“We should absolutely go down the journey of it,” Huang said in an appearance at the New York Times’ DealBook Conference, referring to the Biden administration’s effort to delink China from U.S. chip supply. “But total independence of supply chain is not a real practical thing for a decade or two.”
Asked whether Nvidia should continue to do business with China, Huang said, “We’re a company that was built for business and so we try to do business with everybody we can. On the other hand, our national security matters and our national competitiveness matters.”
Nvidia warned in its third-quarter earnings on Nov. 21 that it expects a negative impact from U.S. export controls during the fourth quarter
Nvidia has been subject to increasingly tighter export controls, limiting its ability to send its most high-powered GPUs used for artificial intelligence to China. “The most critical technology that we build, the leading edge of it is not made available to China,” Huang told Sorkin.

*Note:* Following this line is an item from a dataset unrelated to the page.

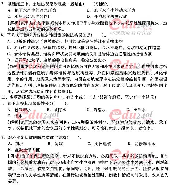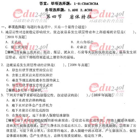 摘要 2012年造價工程師《技術與計量》(土建)過關必做試題及答案(一)主要內容為第一章工程地質第一節工程地址對建設工程的影響;第二節地質巖性;第三節地質構造;第四節巖體特征單項選擇題、多項選擇題以及答案解析。
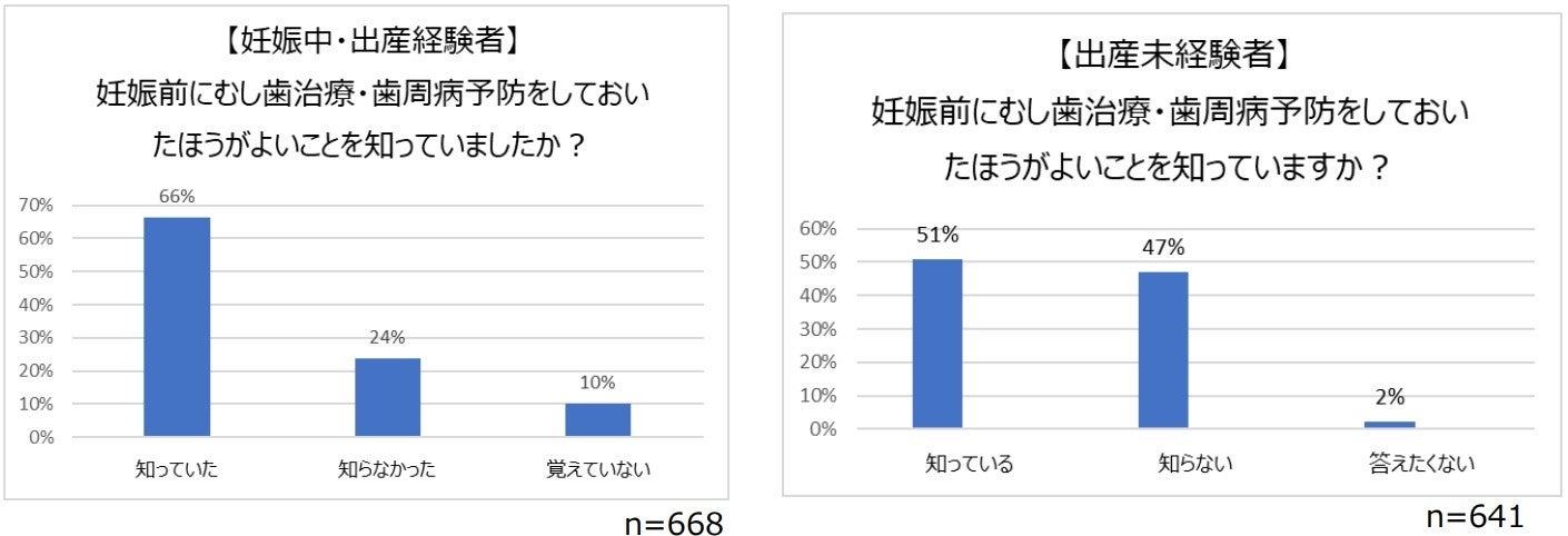 ①妊娠中・出産経験のある人で妊娠前から「むし歯予防・歯周病予防」をしたほうが良いことを知っていた方は約7割(66%)、対して、出産経験のない人で、知っていた方は5割(51%)にとどまり、妊娠・出産がきっかけとなり、事前の歯科健診受診等の予防の重要性の大切さを知る方が多くいることが分かった。

But Huang also noted that China can find a way to obtain that technology or “inspire” domestic chipmakers. Nvidia is still a decade ahead of those companies, Huang said in specific reference to sanctioned Chinese manufacturer Huawei.
The Biden administration has prioritized limiting China’s access to financial and intellectual resources. Beyond the export of advanced chips, the U.S. government has also imposed restrictions on which industries U.S. venture firms can invest in within China.
Huang also opined on the rapid progression of AI development. Nvidia has played a key role in growing the industry, through its increasingly powerful GPUs. Huang said that AI which equals human intellect will be achieved within five years.